Range 0: "<?xml version="1.0" encoding="UTF-8" standalone="yes"?>"
Range 1: "1.0"
Range 2: "UTF-8"
Range 3: "yes"

But, what happens if we introduce an emoji into the text? Let’s change the string in line 1 so that it includes an American Flag emoji (🇺🇸) and run the application again.

let decl: String = "<?xml version=\"1.0\" encoding=\"UTF-8🇺🇸\" standalone=\"yes\"?>"

Now, suddenly, we get this output:

No Matches!

The introduction of the American Flag emoji (🇺🇸) caused our code to be incorrect. This is because the emoji is not really one character but rather TWO characters. It’s actually the Unicode character “🇺” followed by the Unicode character “🇸”. Because they’re side-by-side they form what’s called a Grapheme Cluster. Swift Strings correctly treats these two characters as one character – 🇺🇸. But Objective-C’s NSString doesn’t. It still sees them as two separate characters. To further complicate matters is that both 🇺 and 🇸 are actually represented by TWO UTF-16 code points each instead of just one.
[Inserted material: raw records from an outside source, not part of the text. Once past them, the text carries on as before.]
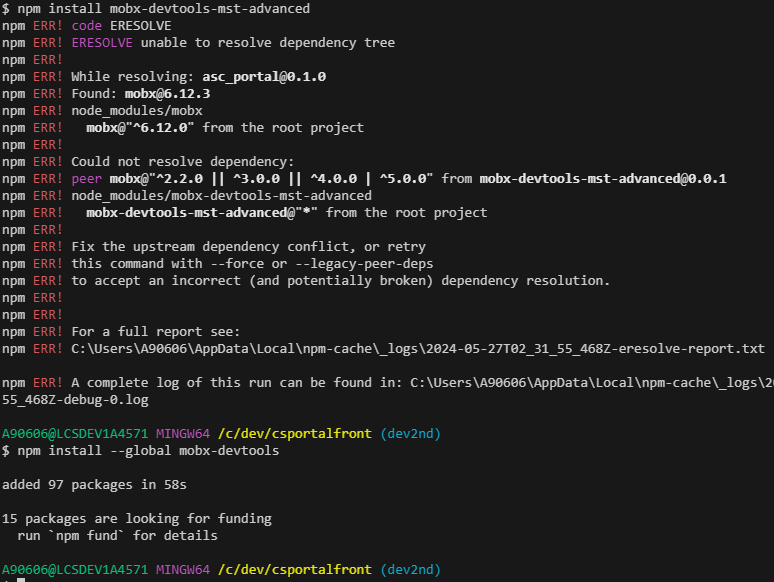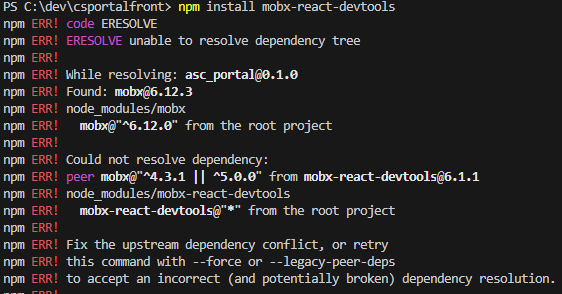 resolve 'mobx-devtools-mst' in 'C:\dev\csportalfront\src\store'
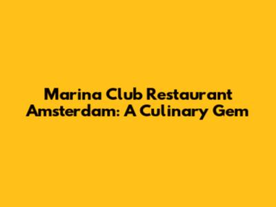Marina Club Restaurant Amsterdam: A Culinary Gem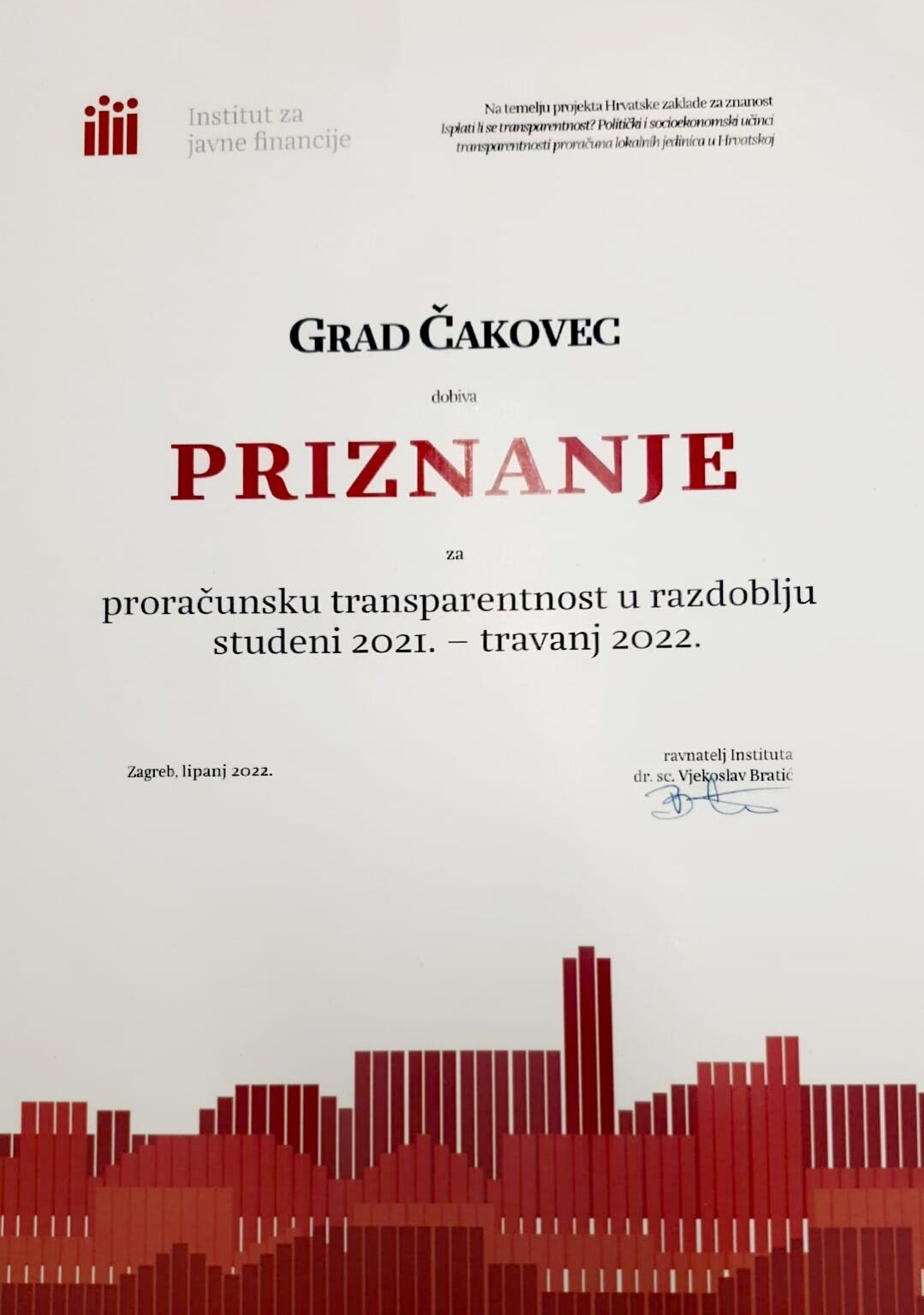 Samim time ne čudi kako je upravo Grad Čakovec dobio posebno priznanje Instituta kao pokretač jednog dugotrajnog procesa zajedničkog i sustavnog unaprjeđenja zajednice.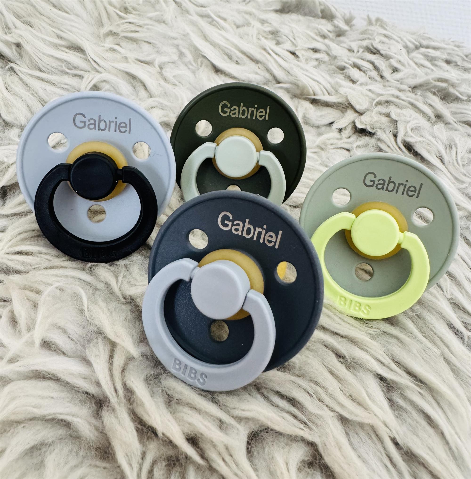 Navnet indgraveres på forsiden ( som ses når barnet har sutten i munden) eller på bagsiden ( som vender ind mod munden)
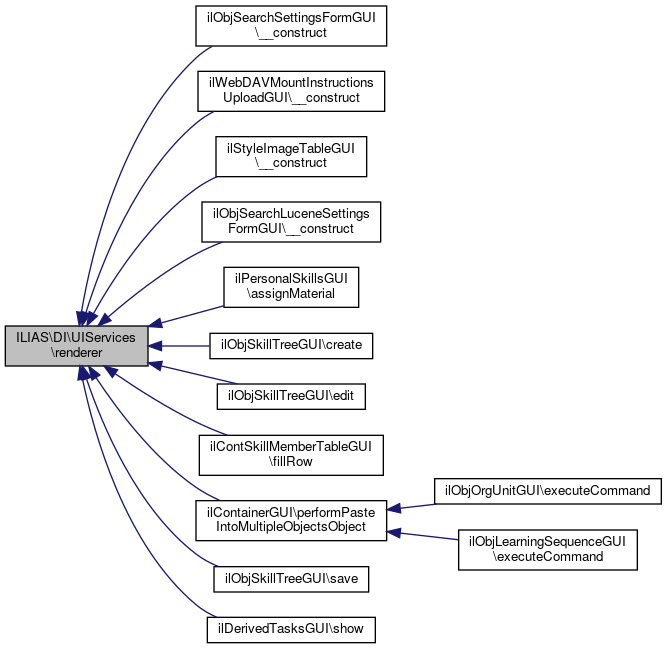 Here is the caller graph for this function:| ILIAS\DI\UIServices::renderer | ( | ) |

So let’s continue the demonstration by correcting just line 3 so that we are calculating the correct range. We’re also going to stretch the string in line 1 but adding about 10 spaces to the end of it (to avoid a bad index error) and add a couple of debugging lines after line 3.

let decl:       String                 = "<?xml version=\"1.0\" encoding=\"UTF-8🇺🇸\" standalone=\"yes\"?>          "
let regex:      NSRegularExpression    = try NSRegularExpression(pattern: "^\\<\\?xml\\s+version=\"([^\"]+)\"(?:\\s+encoding=\"([^\"]+)\")?(?:\\s+standalone=\"([^\"]+)\")?\\s*\\?\\>")
let allMatches: [NSTextCheckingResult] = regex.matches(in: decl, range: NSRange(location: 0, length: decl.endIndex.utf16Offset(in: decl)))
print("                         decl.count = \(decl.count)")
print("decl.endIndex.utf16Offset(in: decl) = \(decl.endIndex.utf16Offset(in: decl))")
if !allMatches.isEmpty {
    let aMatch: NSTextCheckingResult = allMatches[0]
    for x in (0 ..< aMatch.numberOfRanges) {
        let rng:  NSRange      = aMatch.range(at: x)
        let idx1: String.Index = decl.index(decl.startIndex, offsetBy: rng.lowerBound)
        let idx2: String.Index = decl.index(decl.startIndex, offsetBy: rng.upperBound)
        let str:  String       = String(decl[idx1 ..< idx2])
        print("Range \(x): \"\(str)\"")
    }
}
else {
    print("No Matches!")
}

And now the output:

                         decl.count = 66
decl.endIndex.utf16Offset(in: decl) = 69
Range 0: "<?xml version="1.0" encoding="UTF-8🇺🇸" standalone="yes"?>   "
Range 1: "1.0"
Range 2: "UTF-8🇺🇸" s"
Range 3: ""?>"

As the output demonstrates the difference between String.count (line 1) and String.Index.utf16Offset(in:) (line 2) is three. These are the three extra UTF-16 code points I mentioned previously. The American flag emoji (🇺🇸) is actually two separate characters comprising a total of four UTF-16 code points. And sure enough, starting at the end of line 5, our output is off by three!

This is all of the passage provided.